Repeat the lines below exactly as they appear, but leave out the images.
====== GIVEN DATA ======
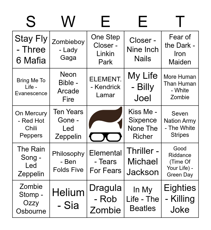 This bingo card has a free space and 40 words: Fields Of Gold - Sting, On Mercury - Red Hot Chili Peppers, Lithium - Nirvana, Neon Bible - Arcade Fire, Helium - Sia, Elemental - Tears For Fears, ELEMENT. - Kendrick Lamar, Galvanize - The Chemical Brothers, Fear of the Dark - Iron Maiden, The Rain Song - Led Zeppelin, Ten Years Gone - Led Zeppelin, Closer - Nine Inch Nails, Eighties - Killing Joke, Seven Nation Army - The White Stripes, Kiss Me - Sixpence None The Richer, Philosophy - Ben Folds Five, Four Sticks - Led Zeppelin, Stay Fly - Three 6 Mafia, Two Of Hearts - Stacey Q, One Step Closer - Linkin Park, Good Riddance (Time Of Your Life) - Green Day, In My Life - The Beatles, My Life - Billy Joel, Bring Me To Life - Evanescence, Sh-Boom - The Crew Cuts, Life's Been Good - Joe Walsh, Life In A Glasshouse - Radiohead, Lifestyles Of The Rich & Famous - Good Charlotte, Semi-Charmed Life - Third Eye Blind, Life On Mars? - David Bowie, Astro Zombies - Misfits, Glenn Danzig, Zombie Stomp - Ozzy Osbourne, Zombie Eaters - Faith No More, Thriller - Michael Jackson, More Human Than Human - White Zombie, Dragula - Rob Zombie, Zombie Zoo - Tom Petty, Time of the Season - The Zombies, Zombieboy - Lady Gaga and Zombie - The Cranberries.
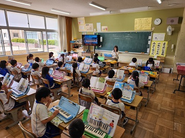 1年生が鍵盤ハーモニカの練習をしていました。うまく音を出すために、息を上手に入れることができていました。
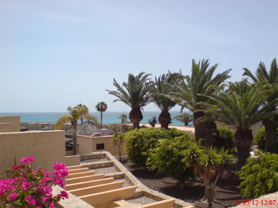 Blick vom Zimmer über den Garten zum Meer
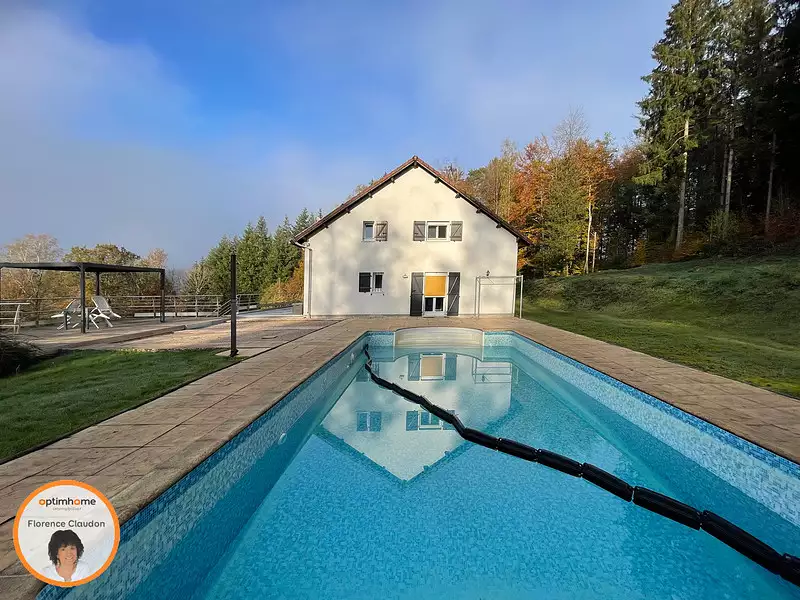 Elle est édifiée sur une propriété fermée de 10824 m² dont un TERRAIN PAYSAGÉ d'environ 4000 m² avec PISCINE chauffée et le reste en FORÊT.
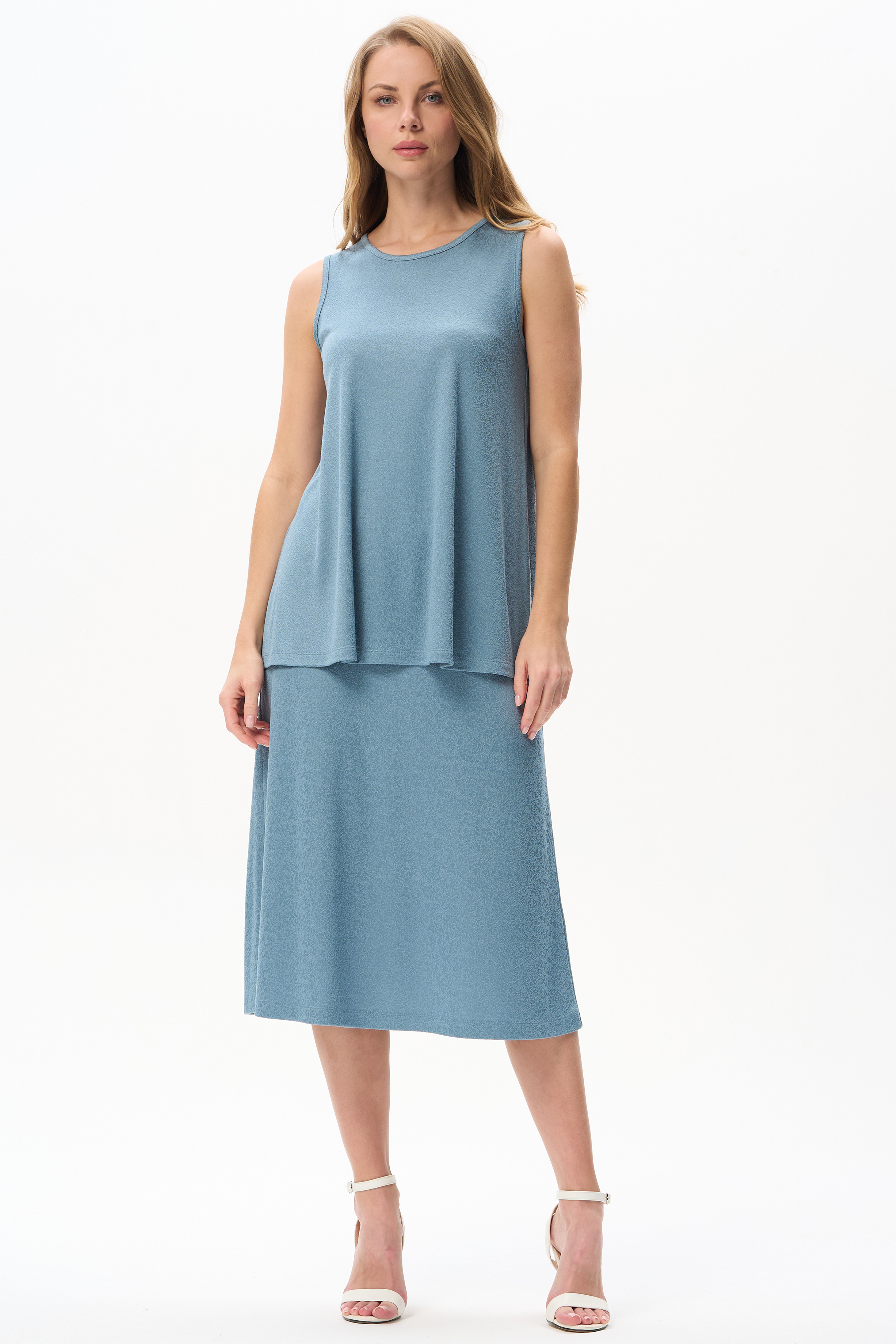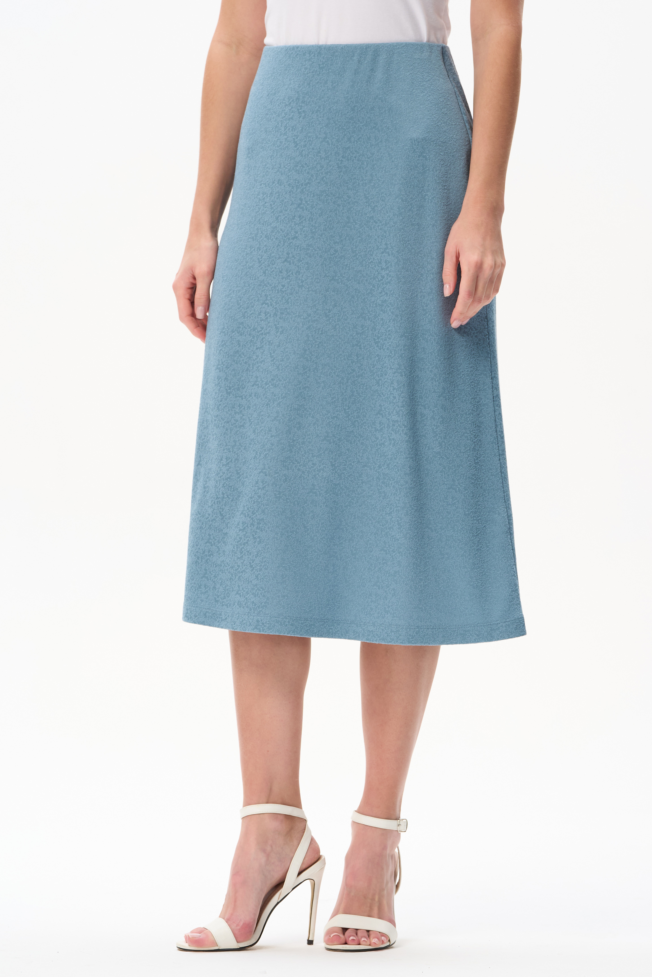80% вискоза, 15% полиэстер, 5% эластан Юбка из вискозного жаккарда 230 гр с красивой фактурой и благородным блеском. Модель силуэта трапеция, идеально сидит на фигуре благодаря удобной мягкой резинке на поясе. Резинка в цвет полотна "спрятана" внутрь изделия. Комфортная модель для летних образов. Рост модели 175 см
======
▶ _THE COMPLETED TASK_:
 This bingo card has a free space and 40 words: Fields Of Gold - Sting, On Mercury - Red Hot Chili Peppers, Lithium - Nirvana, Neon Bible - Arcade Fire, Helium - Sia, Elemental - Tears For Fears, ELEMENT. - Kendrick Lamar, Galvanize - The Chemical Brothers, Fear of the Dark - Iron Maiden, The Rain Song - Led Zeppelin, Ten Years Gone - Led Zeppelin, Closer - Nine Inch Nails, Eighties - Killing Joke, Seven Nation Army - The White Stripes, Kiss Me - Sixpence None The Richer, Philosophy - Ben Folds Five, Four Sticks - Led Zeppelin, Stay Fly - Three 6 Mafia, Two Of Hearts - Stacey Q, One Step Closer - Linkin Park, Good Riddance (Time Of Your Life) - Green Day, In My Life - The Beatles, My Life - Billy Joel, Bring Me To Life - Evanescence, Sh-Boom - The Crew Cuts, Life's Been Good - Joe Walsh, Life In A Glasshouse - Radiohead, Lifestyles Of The Rich & Famous - Good Charlotte, Semi-Charmed Life - Third Eye Blind, Life On Mars? - David Bowie, Astro Zombies - Misfits, Glenn Danzig, Zombie Stomp - Ozzy Osbourne, Zombie Eaters - Faith No More, Thriller - Michael Jackson, More Human Than Human - White Zombie, Dragula - Rob Zombie, Zombie Zoo - Tom Petty, Time of the Season - The Zombies, Zombieboy - Lady Gaga and Zombie - The Cranberries.
 1年生が鍵盤ハーモニカの練習をしていました。うまく音を出すために、息を上手に入れることができていました。
 Blick vom Zimmer über den Garten zum Meer
 Elle est édifiée sur une propriété fermée de 10824 m² dont un TERRAIN PAYSAGÉ d'environ 4000 m² avec PISCINE chauffée et le reste en FORÊT.
80% вискоза, 15% полиэстер, 5% эластан Юбка из вискозного жаккарда 230 гр с красивой фактурой и благородным блеском. Модель силуэта трапеция, идеально сидит на фигуре благодаря удобной мягкой резинке на поясе. Резинка в цвет полотна "спрятана" внутрь изделия. Комфортная модель для летних образов. Рост модели 175 см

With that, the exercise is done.